Fairfax County departments are looking at lean times for first time in years as their largest source of revenue — real estate taxes — goes flat in a cooling housing market.
County Executive Anthony Griffin has told agency heads they should leave new programs and expansions out of their fiscal 2008 budgets in light of the drop-off of residential tax revenue growth, according to Susan Datta, director of the Department of Management and Budget.
As in other parts of the country, Northern Virginia’s housing market is showing signs of a dramatic slowdown following a years-long period of unprecedented growth. Home inventories and the length of time a house stays on market are increasing, while home sales are decreasing. All are indications of a market downturn.

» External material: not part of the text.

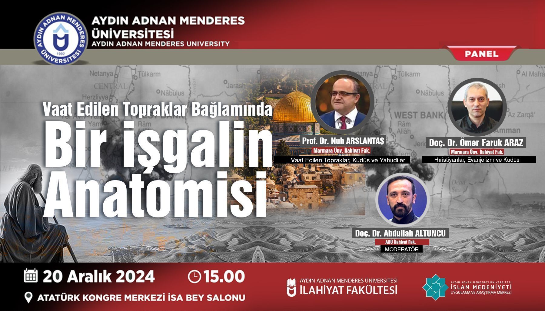 Aydın Adnan Menderes Üniversitesi İslam Medeniyeti Uygulama ve Araştırma Merkezi (İSMAM) ile İlahiyat Fakültesi iş birliğinde düzenlenen “Vaat Edilen Topraklar Bağlamında Bir İşgalin Anatomisi” başlıklı panel gerçekleştirildi.

Gone are the annual jumps in home values of more than 20
percent, according to the most recent forecasts by the county. Fairfax is now projecting a 1 percent increase in residential assessments over the next fiscal year.
For a county that garners 60 percent of its revenue from real
estate taxes, the trend will likely curb spending in county departments.
“In order for the county’s budget to accommodate [cost] increases in things that we can’t control, like gasoline, like utilities, there will probably need to be reductions in other areas to make it work,” Datta said.
Even so, she said she does not anticipate layoffs of county staff at this time.
“There will be significant belt-tightening for us and the schools,” said Board of Supervisors Chairman Gerald Connolly.
Likewise, Mario Schiavo, the budget director for Fairfax County Public Schools, said he anticipates a “trickle effect” from the slowing assessments on its budget. About 75 percent of the schools budget comes from a county contribution.
“If they’re not seeing the revenue increase on the county side, that definitely impacts our [budget] as well,” he said.